**INFORMATION SHOWN:**
***
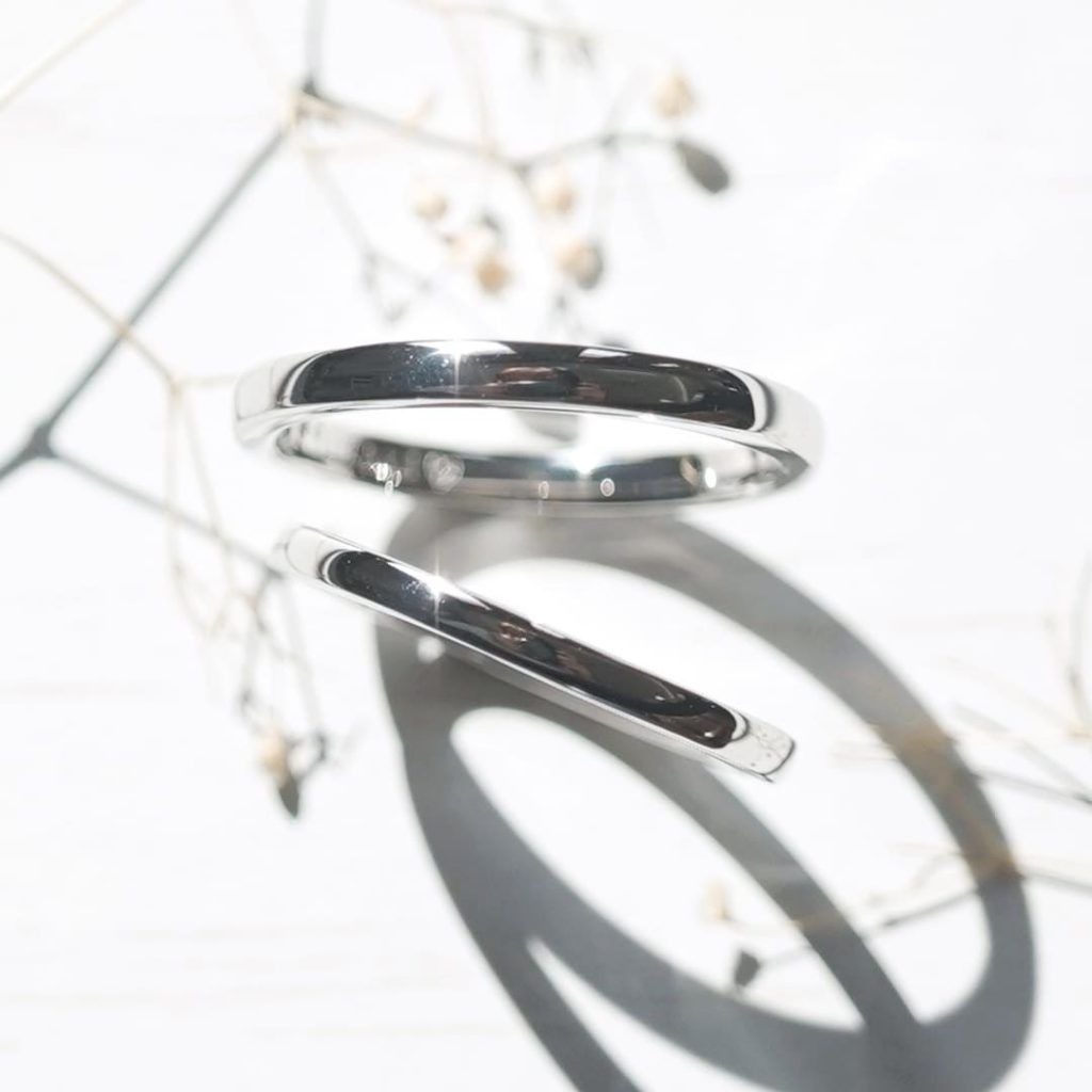 結婚指輪彫金製作コースでお作りいただいた結婚指輪。 素材はプラチナ900。シンプルな平甲丸デザインです。
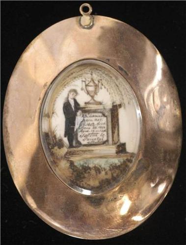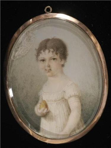 1 AMERICAN SCHOOL PORTRAIT MINIATURE OF A CHILD, 63mm x 52mm oval, identified verso as E.S. Samuel, born 1802, CONDITION: upper left area obscured, we believe this is under glass and not image, but haven't taken it apart, reverse has some paint loss at bottom, PACKING AND SHIPPING (excluding insurance) AVAILABLE WITHIN CONTINENTAL U.S. BY FAIRFIELD AUCTION FOR $20 . BUYER MAY ALSO PICK-UP OR USE A 3RD PARTY FOR PACKING AND SHIPPING
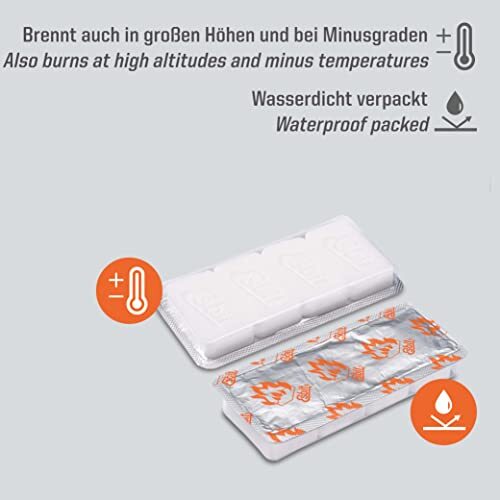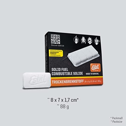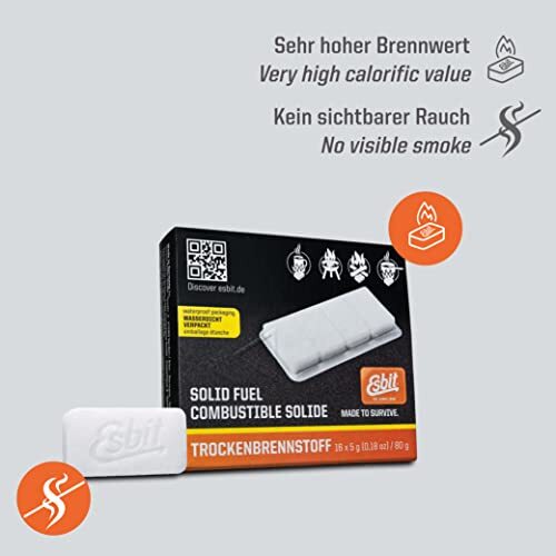 「エスビット(Esbit) アウトドア キャンプ 固形燃料 5gX16 (5g×16タブレット入り) ES00101600」▼4021684000120▼(商品説明)固形燃料 5g×16個入り・ E-FUEL-16X5・・Style:固形燃料 5g×16個入り・発売年・モデルイヤー:2018・スポーツタイプ:アウトドアライフスタイル・燃焼時間:6分(1タブレットあたり)・内容:1箱5g×16タブレット入り4タブレットづつ完全防湿ブリスターパック。・特徴1:揮発性なし。燃焼時液体化なし。スパークなし。燃え残りほとんどなし。目に見える煙なし。説明 ●エスビットの固形燃料5gは16タブレット入りで、4タブレットづつ完全防湿ブリスターパックとなっています。●標高の高い場所や氷点下でも安定した炎で燃え、目に見える煙は立てず燃えかすをほとんど残しません。●固形燃料は汎用性が高く、食事や飲み物を加熱したり、キャンプファイアやバーベキューの火おこしなどにも最適です。●5gの燃焼時間は1タブレットあたり約6分です。●火力は1タブレットあたり35kcal
***
**ASSIGNMENT:**
Your copy should hold only the lines from the line with "1 AMERICAN SCHOOL" through the end of the data above, both ends included, transcribed exactly and without pictures.

**OUTPUT:**
 1 AMERICAN SCHOOL PORTRAIT MINIATURE OF A CHILD, 63mm x 52mm oval, identified verso as E.S. Samuel, born 1802, CONDITION: upper left area obscured, we believe this is under glass and not image, but haven't taken it apart, reverse has some paint loss at bottom, PACKING AND SHIPPING (excluding insurance) AVAILABLE WITHIN CONTINENTAL U.S. BY FAIRFIELD AUCTION FOR $20 . BUYER MAY ALSO PICK-UP OR USE A 3RD PARTY FOR PACKING AND SHIPPING
 「エスビット(Esbit) アウトドア キャンプ 固形燃料 5gX16 (5g×16タブレット入り) ES00101600」▼4021684000120▼(商品説明)固形燃料 5g×16個入り・ E-FUEL-16X5・・Style:固形燃料 5g×16個入り・発売年・モデルイヤー:2018・スポーツタイプ:アウトドアライフスタイル・燃焼時間:6分(1タブレットあたり)・内容:1箱5g×16タブレット入り4タブレットづつ完全防湿ブリスターパック。・特徴1:揮発性なし。燃焼時液体化なし。スパークなし。燃え残りほとんどなし。目に見える煙なし。説明 ●エスビットの固形燃料5gは16タブレット入りで、4タブレットづつ完全防湿ブリスターパックとなっています。●標高の高い場所や氷点下でも安定した炎で燃え、目に見える煙は立てず燃えかすをほとんど残しません。●固形燃料は汎用性が高く、食事や飲み物を加熱したり、キャンプファイアやバーベキューの火おこしなどにも最適です。●5gの燃焼時間は1タブレットあたり約6分です。●火力は1タブレットあたり35kcal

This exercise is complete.